Help with second part of question

[jlmac2001]

I'm stuck on the second question of the following problem:

The proper mean lifetime of a muon is 2.00 ms. Muons in a beam are traveling a .96c.

What is their mean lifetime as measured in the laboratory?

ans. 2.00ms/sqrt(1-.960^2)= 7.1428 ms

How far would they travel, on average, before they decay?

ans. I don't know how to do this part. Can someone help me?

Thanks.

Jessica

 

[HallsofIvy]

There are two ways to do this and they should give the same answer:

1) Ignore relativity (or think of this as "in the muon's frame of reverence). The muon is moving at .98 c and has a lifetime of 2 ms= 0.002 seconds. Convert .98 c into "meters per second" and multiply by 0.002.
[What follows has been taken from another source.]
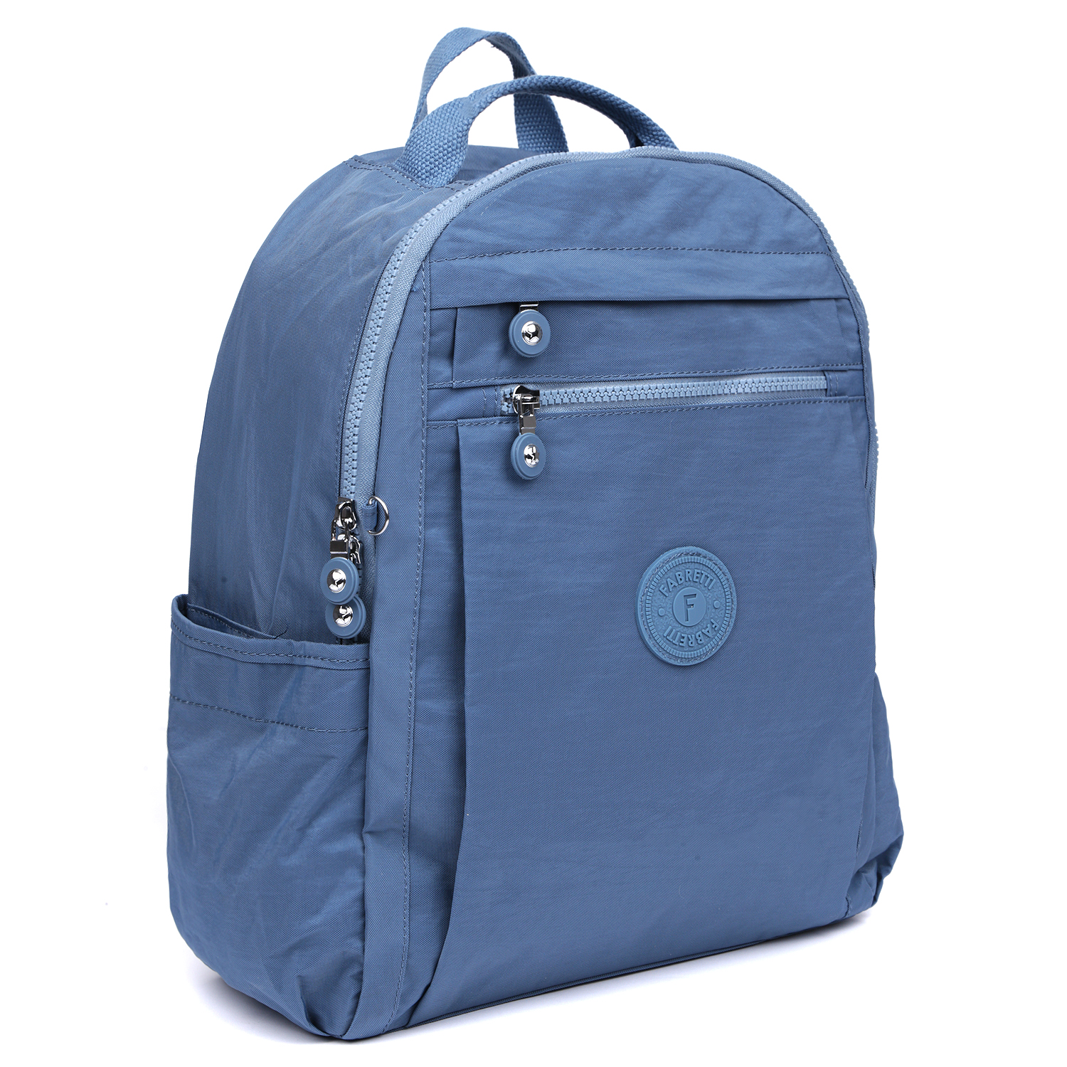 Текстильный рюкзак FABRETTI в голубом цвете идеально подойдет тем, кто предпочитает путешествовать налегке. Он достаточно вместителен, чтобы в него вошла необходимая смена одежды, гигиенические аксессуары, любимая книга, документы и гаджеты. Материал рюкзака устойчив к влаге, за ним удобно ухаживать. На лицевой стороне модели расположены 2 кармана на молнии - глубокий и небольшой. На тыльной стороне есть карман на молнии и специальный рукав для крепления на ручку чемодана. Два кармана на липучке расположены по бокам аксессуара. Основное отделение закрывается на молнию с 2 бегунками. Внутри - 2 кармана для мелочей и боковой отдел для планшета или документов. Для удобства хранения ключей внутри рюкзака есть карабин на шнурке. 2 широкие лямки регулируются по длине. Сверху есть ручка, чтобы носить в руке.

2) You have already calculated that the muon will have a lifetime, measured in the lab frame of reference of 7.1428 ms= 0.0071428 seconds (although I'm a little suspicious of your accuracy!). This is, of course, because, in the lab frame, the muon is "aging" slower.
Multiply 0.0071428 by .98c and then, whatever length you get, apply the same tranformation to determine the shrinkage due to the motion. You should see the sqrt(1-c^2]) terms cancel to give the same answer as before.

 

[M98Ranger]

, to find the distance traveled before decay, we can use the formula d = vt, where d is the distance, v is the velocity (in this case, 0.96c), and t is the time (in this case, the mean lifetime of 7.1428 ms). Plugging in the values, we get d = (0.96c)(7.1428 ms) = 6.8574 m. Therefore, on average, the muons would travel 6.8574 meters before decaying. I hope this helps! If you have any other questions, please let me know.